Health

Man’s Bestfriend: Cancer Sniffers

 

In today’s society where cancers are leading cause of death worldwide, early detection of the disease is highly desirable. In a new scientific study, researchers present astonishing new evidence that man’s best friend, the dog, may have the capacity to contribute to the process of early cancer detection.

Dog cancer detection is an approach to cancer screening that relies upon the olfactory ability of dogs to detect very low concentrations of the alkanes and aromatic compounds generated by tumors. The first reports of dogs possibly having the ability to sniff out cancer came in the late 1980s.

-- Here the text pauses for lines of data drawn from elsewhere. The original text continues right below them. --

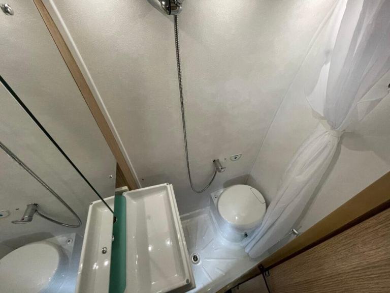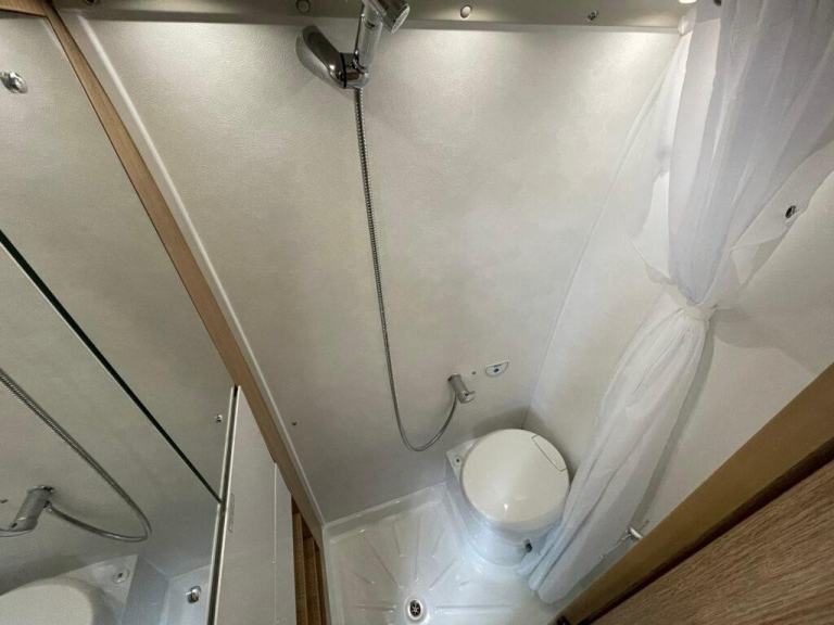 Opposite the kitchen sits the washroom, efficiently laid out with a swivel cassette toilet, drop-down sink, mirrored cabinet, and shower facility. Despite the footprint, the washroom feels bright and usable, with durable materials and clever storage making it both practical and easy to maintain.
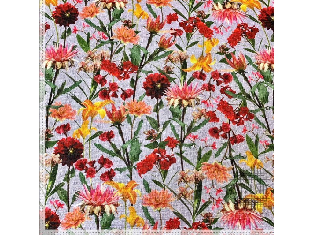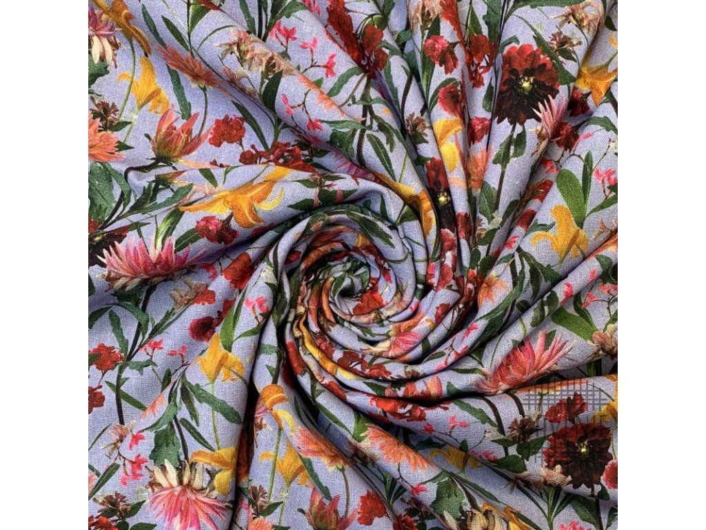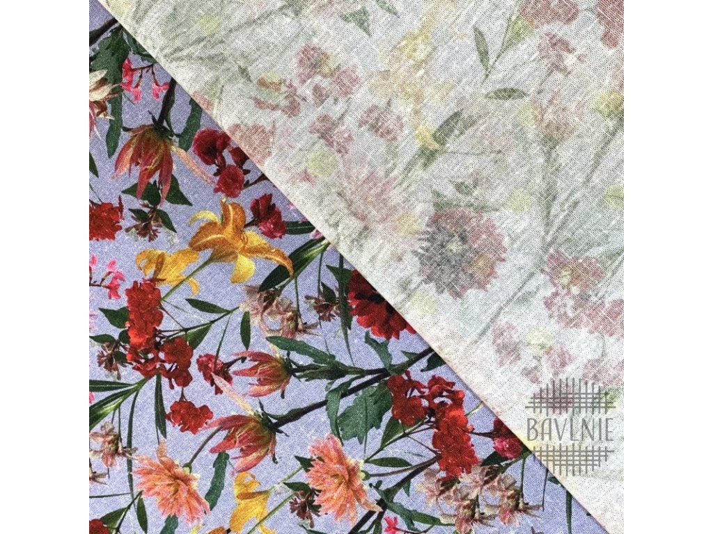 Plátno len/viskóza Květiny na světle modré
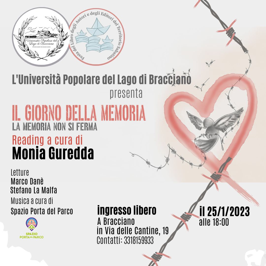 Unipop Bracciano presenta: Il giorno della Memoria Mercoledì 25 gennaio 2023 alle 18:00 Università Popolare del Lago di Bracciano, A.N.P.I. Sez. di Bracciano, Spazio Porta del Parco, tutti insieme per celebrare “Il Giorno della Memoria”! Il Reading che Monia Guredda ci propone vede al centro “Destinatario Sconosciuto”, un libro di Kressmann Taylor, un brevissimo romanzo […]

Cancer cells emit different metabolic waste products than normal cells. These cellular waste products form specific combinations of biochemical markers (gases) that are emitted as odors on cancer patients’ breath. The differences between these metabolic products are so great that they can be detected by a dog’s keen sense of smell, even in the early stages of disease.”

Lung cancer was the first to be tested, as it is done by breath samples and there’s a direct connection, so to speak. Dogs can detect it by breath at a ninety-nine percent rate. Breast cancer can be detected at a rate of eighty-eight percent. Japanese scientists trained a black Labrador Retriever, named Marine, that they say can sniff out colorectal cancer with up to 98 percent accuracy.

Their status as our best friends will certainly be even further cemented if current training and research allows our friends to become one of our best ways of detecting cancer in human patients before it has significantly progressed.